▸ EXERCISE GOAL
What is needed is an exact transcription of the listing, with the images removed.

▸ DATA PROVIDED
-.-.-

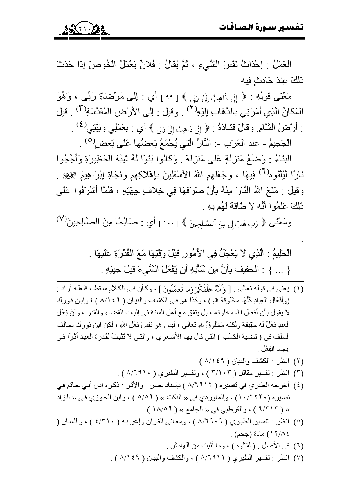 معنى قوله: {إِنِّي ذَاهِبٌ إِلَى رَبِّي} [99] أي: إلى مرضاة ربي، وهو المكان الذي أمرني بالذهاب إليه. وقيل: إلى الأرض المقدسة. قيل: أرض الشام. وقال قتادة {إِنِّي ذَاهِبٌ إِلَى رَبِّي} أي: بعملي ونيتي.
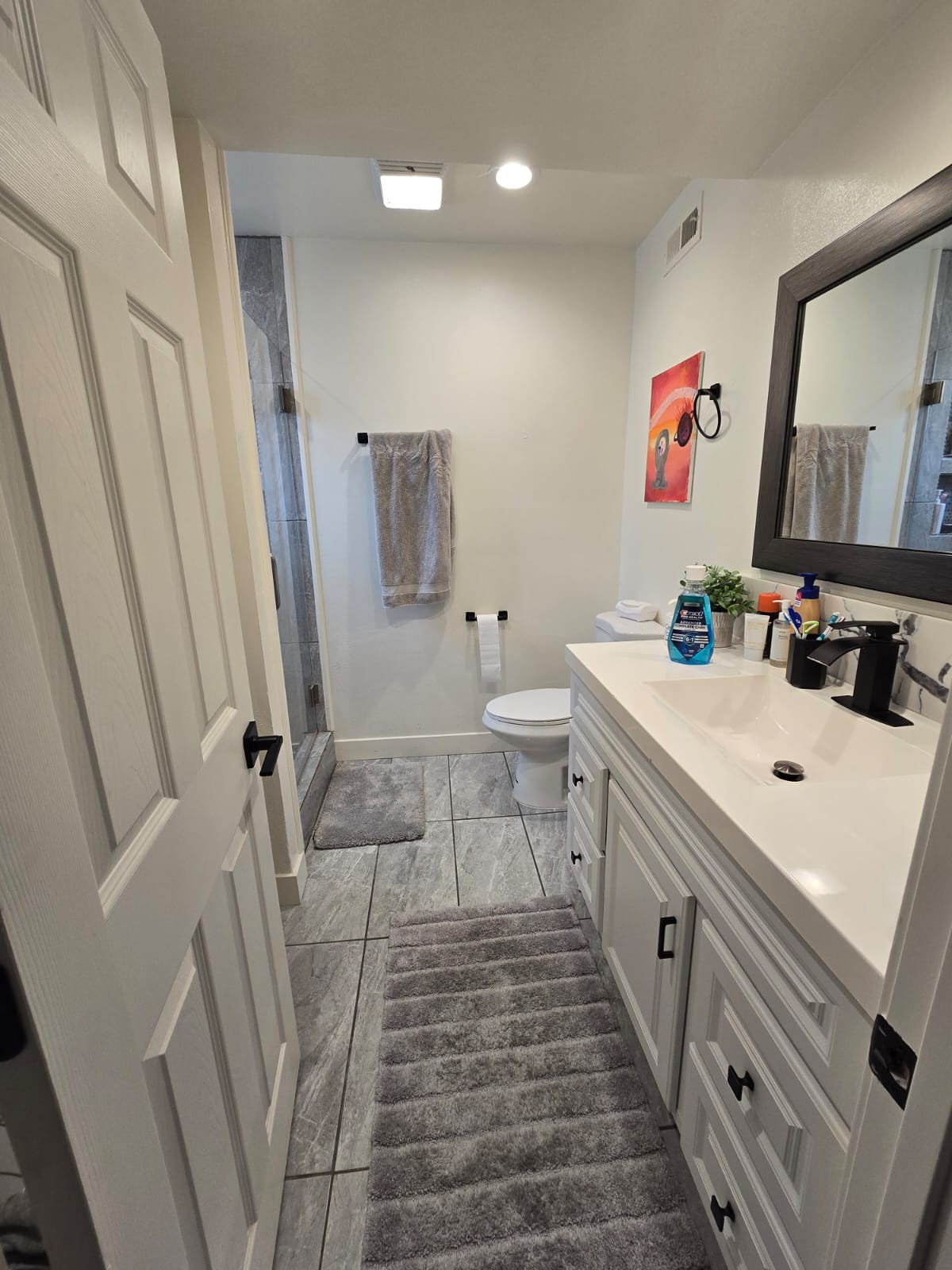It's a private furnished bedroom and bathroom in a house on Spruce Street.
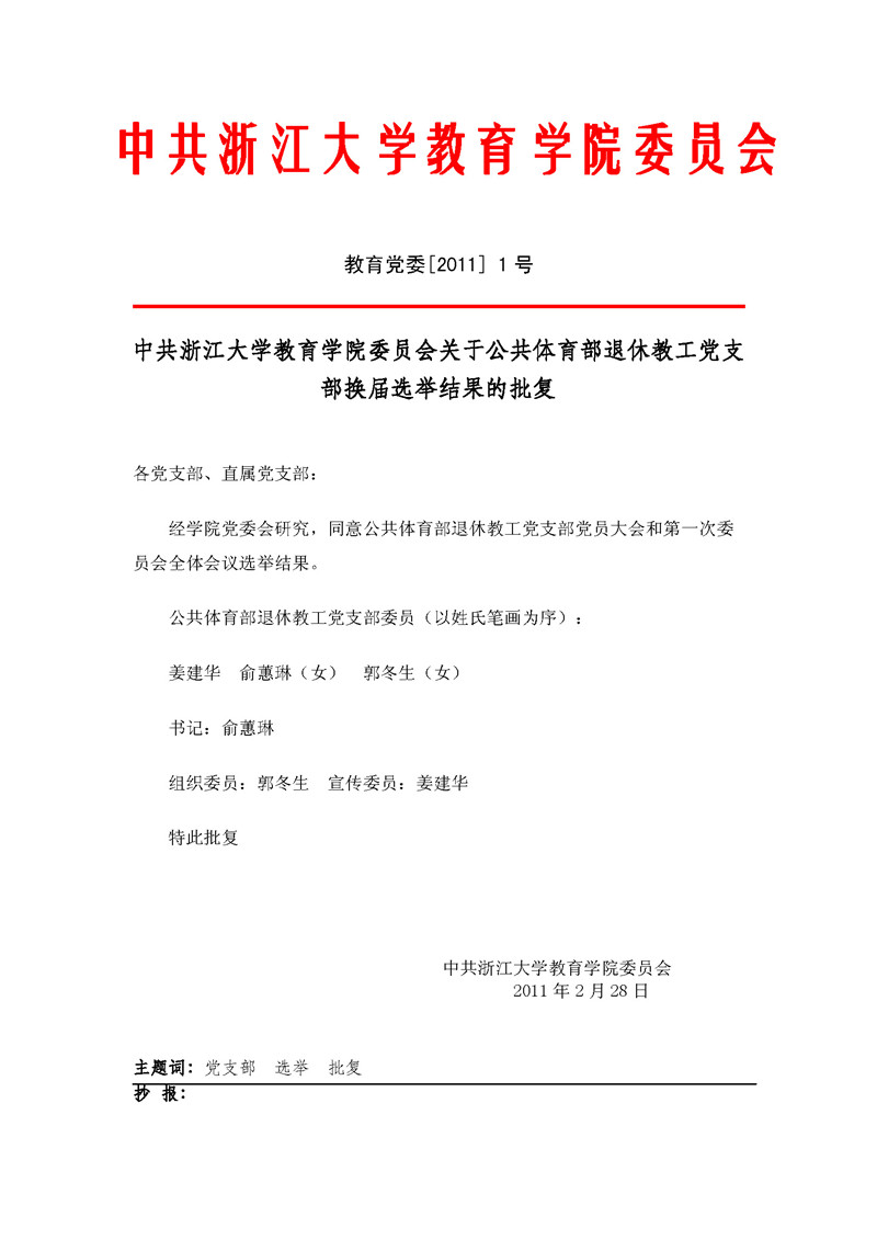 教育党委〔2011〕1号:中共浙江大学教育学院委员会关于公共体育部退休教工党支部换届选举结果的批复
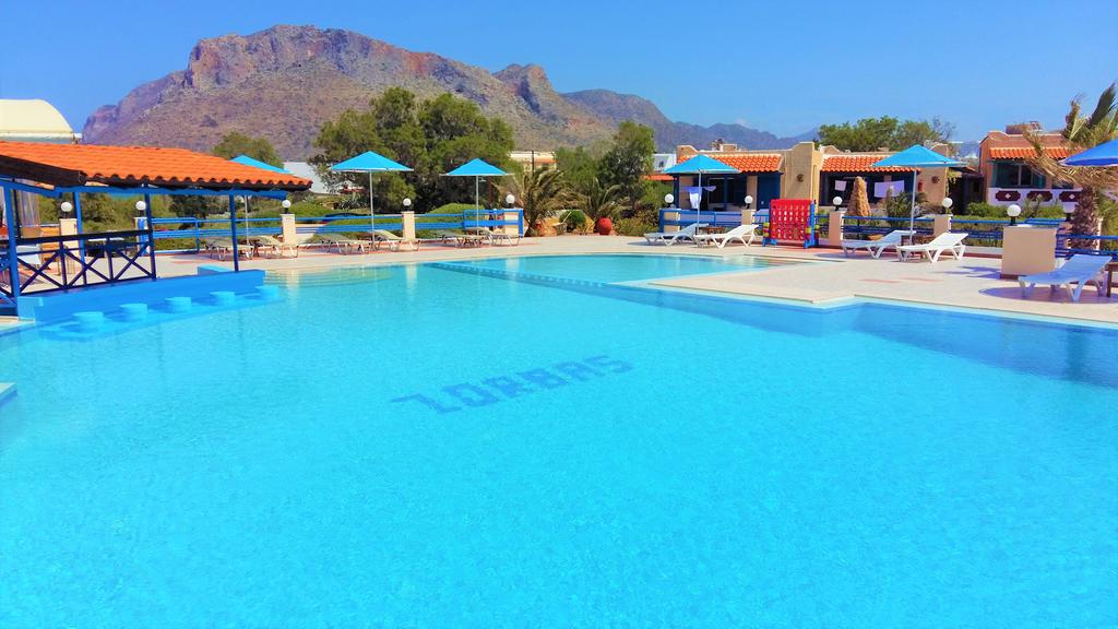 Апарт-отель Zorbas Beach Village находится на берегу моря в месте, где снимался фильм «Грек Зорба». Территория отеля занимает участок площадью 30 000 м2. К услугам гостей номера-студио и апартаменты с кухней, бесплатным WiFi и меблированной террасой, а также открытый бассейн, детская площадка и теннисный корт. Номера-студио и апартаменты оформлены в средиземноморском стиле, а из окон открывается вид на Критское море.

-.-.-

▸ WRITTEN RESPONSE
 معنى قوله: {إِنِّي ذَاهِبٌ إِلَى رَبِّي} [99] أي: إلى مرضاة ربي، وهو المكان الذي أمرني بالذهاب إليه. وقيل: إلى الأرض المقدسة. قيل: أرض الشام. وقال قتادة {إِنِّي ذَاهِبٌ إِلَى رَبِّي} أي: بعملي ونيتي.
It's a private furnished bedroom and bathroom in a house on Spruce Street.
 教育党委〔2011〕1号:中共浙江大学教育学院委员会关于公共体育部退休教工党支部换届选举结果的批复
 Апарт-отель Zorbas Beach Village находится на берегу моря в месте, где снимался фильм «Грек Зорба». Территория отеля занимает участок площадью 30 000 м2. К услугам гостей номера-студио и апартаменты с кухней, бесплатным WiFi и меблированной террасой, а также открытый бассейн, детская площадка и теннисный корт. Номера-студио и апартаменты оформлены в средиземноморском стиле, а из окон открывается вид на Критское море.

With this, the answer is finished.